A man at the oars must turn his back on the river and face the ship’s master. Only he can see the course ahead. It is an act of faith. There was an oar for every man, and Durand was not alone as he slid his long sweep out over the water and looked into the master’s face.
“Pull with the others now,” said Odemar. The boat pitched, skidding two fathoms down in a heartbeat. Some of the knights looked round—they flailed with their sweeps—but not one of the oarsmen turned. “Easy,” was Odemar’s grated rebuke.
Durand tried to reach and haul with the Burrstone men as the boat picked up speed, but half the time Durand’s oar beat at spray. The river thundered between high stone banks, faster every heartbeat.
“Hold fast, all,” snarled Odemar, fists locked on the tiller as the boat stamped and soared through the rolling explosion of the river.
Then Durand heard a greater roar, and the Bittern plunged.
The master heaved upon the tiller. “Together! Hard and together. All you have. More if you’re on larboard.”
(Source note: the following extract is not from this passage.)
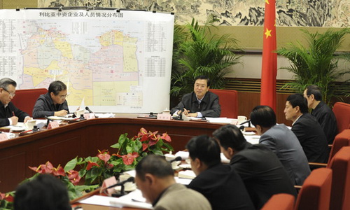 На снимке: 26 февраля 2011 года Чжан Дэцзян в Пекине созвал второе пленарное заседание штаба по эвакуации находившихся в Ливии китайских граждан и обеспечению их безопасности.
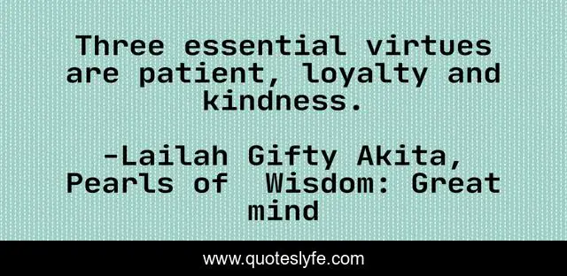 "Lailah Gifty Akita, Pearls of Wisdom: Great mind Quotes." Quoteslyfe.com, 2025. Mon. 08 Dec. 2025. <https://www.quoteslyfe.com/quote/Three-essential-virtues-are-patient-loyalty-and-48279>.

Bittern lurched. Durand’s oar struck some immovable stone in the spray, kicking back into Durand’s chest like a horse. But before he could take a breath, the master was snarling, “Now, for your lives!” And those still with oars in their hands pulled. Durand hauled with the rest. Their blades clattered and flailed. “Together!” shouted Odemar, then Durand watched the man’s face twist. His eyes were fixed on something over Durand’s shoulder. “Together!” he screamed.